Sur quoi est fondée cette certitude de François Hollande à propos de la mise en place du scrutin de juillet ? Sur sa propre volonté peut-être, mais sûrement pas sur la réalité sociopolitique qui prévaut au Mali, encore moins sur le fait que tout a été mis en place pour que les choses se passent dans les règles de l’art.
En effet, pour établir les fondements d’une élection présidentielle, à fortiori dans un Etat à l’image du Mali actuel, il est impératif de prêter une attention toute particulière à trois éléments fondamentaux : un calendrier respectant un délai suffisant, un fichier électoral unanimement validé par les formations politiques concernées et des candidats assez préparés à ces joutes. A moins d’un mois du démarrage de la campagne, aucune de ces conditions ne semble être respectée par le processus. Etonnant !
La France modifie tout à sa guise
Sur la question du calendrier, le Mali s’apprêtait à organiser des élections en 2012. A cause du coup d’Etat du capitaine Sanogo et de tous les évènements qui ont suivi, le processus n’aboutira pas.

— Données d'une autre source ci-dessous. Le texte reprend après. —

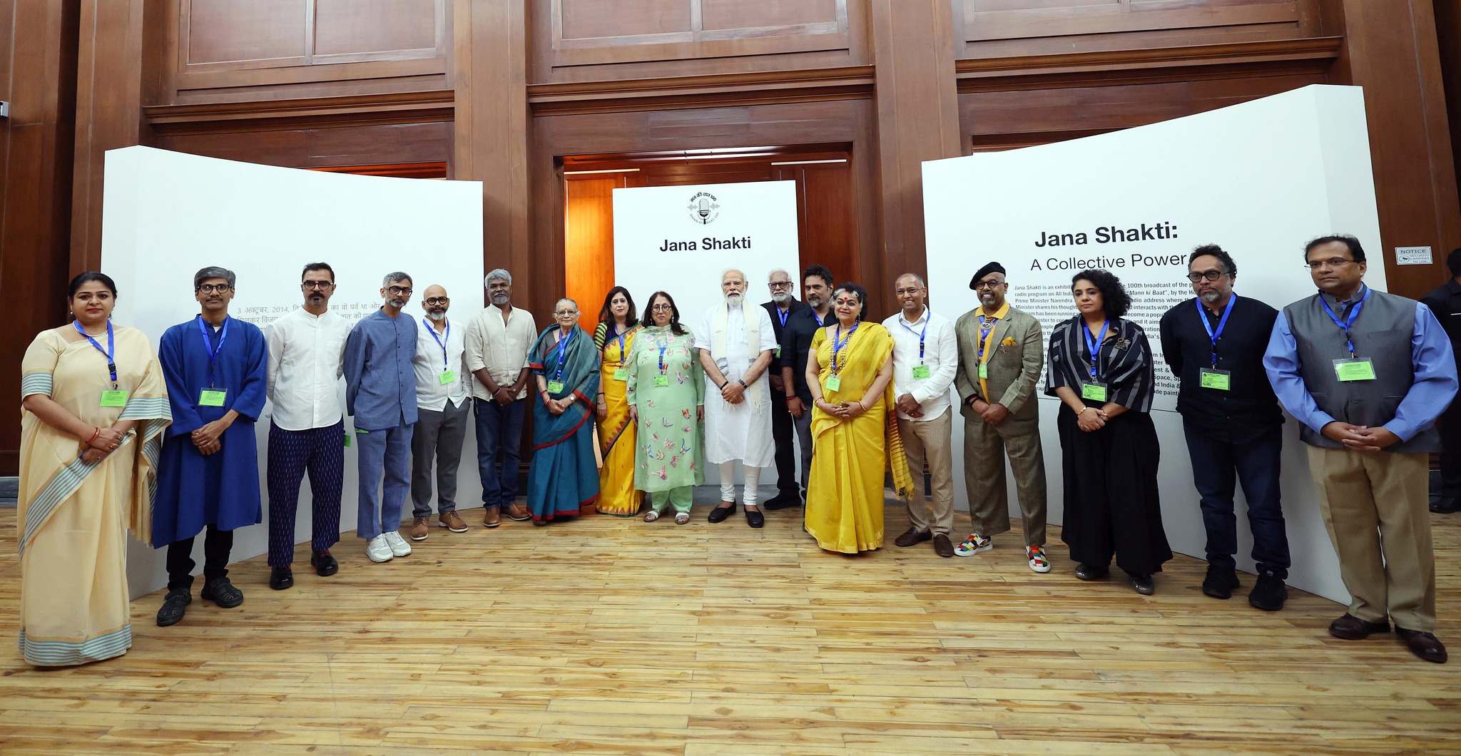 New Delhi, May 14 (ANI): Prime Minister Narendra Modi poses for a photograph with a group while visiting Jana Shakti, an exhibition at the National Gallery of Modern Art in New Delhi on Sunday. (ANI Photo)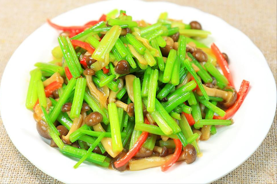 好了,一道非常简单的蟹味菇炒芹菜就做好了。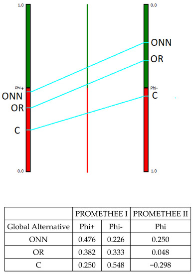 In relation to the overall evaluation obtained (Figure 6), the ONN system was found to the best alternative, in terms of both its partial and complete ranking, followed by OR and then by C. In particular, ONN demonstrated both the best positive and the best negative outranking flows; this resulted in a positive Net flow. The OR demonstrated a Net outranking flow value very close to 0, because it performed worse in both the negative and the positive flow compared to ONN. The conventional system performed poorly in both the indexes Phi− and Phi+ and was therefore the worst alternative based on the Phi (complete ranking).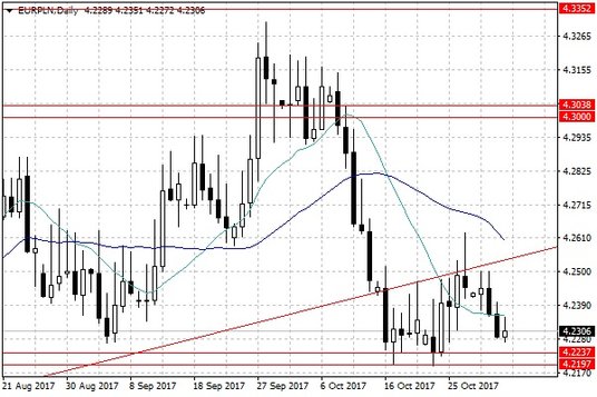 Dzisiejszy poranny odczyt indeksu PMI dla przemysłu Polski za październik, który okazał się niższy od oczekiwań (53,4 pkt. wobec spodziewanych 54 pkt.) nie zdołał istotnie zachwiać notowaniami polskiego złotego. Ze względu na wczorajsze święto w Polsce, aktywność inwestorów na krajowym rynku walutowym jest ograniczona, co sprawia, że złoty pozostaje pod dużym wpływem informacji z zagranicy i towarzyszących im ruchów notowań głównych par walutowych.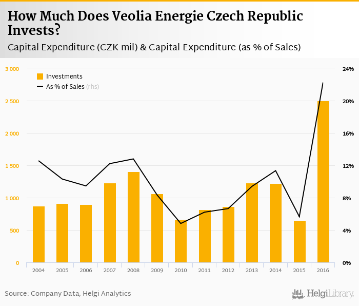 Veolia Energie Czech Republic invested a total of CZK 2,503 mil in 2016, up 284% compared to the previous year. Historically, between 2004 - 2016, the company's investments stood at a high of CZK 2,503 mil in 2016 and a low of CZK 652 mil in 2015.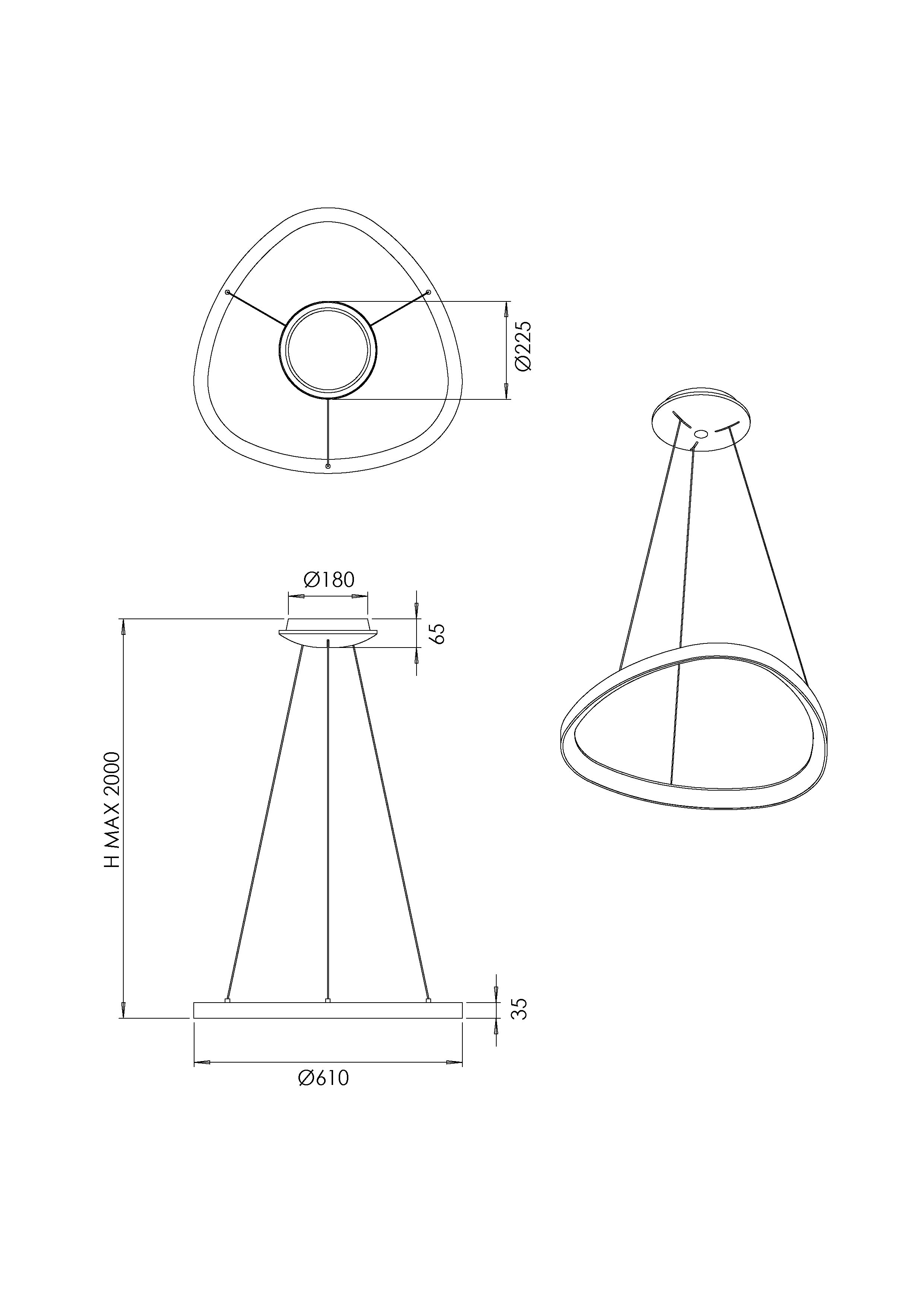 | Dimensioni della Lampada | MAX 2000mm Ø610mm - 1.84kg |

La France, appelée à la rescousse le 11 janvier 2013, va tout modifier à sa guise. Et en mars déjà, les contours d’un pseudo calendrier électoral étaient dessinés par Paris. L’idée n’ayant pas enthousiasmé un grand nombre d’analystes politiques et certains cadres maliens, Laurent Fabius se déplace en personne à Bamako le 4 avril dernier pour s’assurer auprès des partis politiques représentés à l’Assemblée Nationale du “respect de la volonté du sauveur”.
Ainsi, moins de 5 mois semblent suffire pour mettre en marche toute la logistique du scrutin. Mais en réalité, il s’agit là d’un camouflage de l’imperfection totale du processus. Une légèreté volontaire de Paris pour replonger le Mali dans un chaos postélectoral afin de légitimer davantage la présence des troupes françaises au Mali. Les délais sont courts et ne permettent pas la tenue correcte d’élections de sortie de crise. L’enveloppe de 3,5 milliards d’euros obtenue à la conférence des donateurs du 15 mai à Bruxelles, n’est qu’un moyen de pression de plus sur Bamako. Mais, comme on dit justement, l’argent ne règle pas tout.
Beaucoup d’électeurs non inscrits
Plus grave, le fichier électoral est à un stade quasi embryonnaire. Même si le général Siaka Sangaré, président de la Délégation Générale des Elections (DGE), affirme, à 3 semaines du début de la campagne électorale prévu le 7 juillet, être encore dans les délais, il est certain que ce sera, là aussi, un bricolage fait plus pour satisfaire les exigences de Paris que pour garantir des élections apaisées aux Maliens.
Parmi les facteurs qui compliquent la tâche à la DGE, on trouve en bonne place le recensement des électeurs. En effet, un nombre important de Maliens ont été déplacés par le conflit. Près de 400 000 Maliens du nord ont fui vers le sud et vers les pays limitrophes. A Kidal par exemple, seuls près de 40 000 personnes seraient recensées à ce jour sur une population estimée à 7 millions. Au niveau national, si on en croit certaines analyses, le collège électoral ne dépasserait pas 7 millions d’inscrits sur une population de près de 16 millions de personnes. Aberrant !
Une contestation inévitable ?
La troisième question fondamentale de la préparation des candidats reste aussi improvisée que les deux premières. Ils seront près d’une vingtaine à briguer le fauteuil de Koulouba. Pour s’assurer de leur bonne foi, on leur fait signer un “code de bonne conduite” tels des enfants à l’école. Cela suffira-t-il à éviter des contestations postélectorales par exemple ? J’en doute bien. Quand on sait les rivalités qui opposent les formations politiques maliennes où des partis ont “donné” naissance à leur adversaire, on a du mal à croire à ce miracle dans un contexte de crise politique et sociale.
Pendant ce temps, les accords signés mardi 18 juin à Ouagadougou entre le gouvernement et les rebelles touareg n’augurent rien de bon. En effet, selon le texte, le désarmement des éléments des groupes touareg ne doit intervenir qu’une fois qu’un accord “global et définitif de paix” sera signé entre les nouvelles autorités installées après la présidentielle, d’une part, et les communautés et groupes armés du Nord, d’autre part.
Avec toutes ces incertitudes, Bamako se lancera le 28 juillet prochain dans une aventure dans l’issue est imprévisible. Fingers crossed!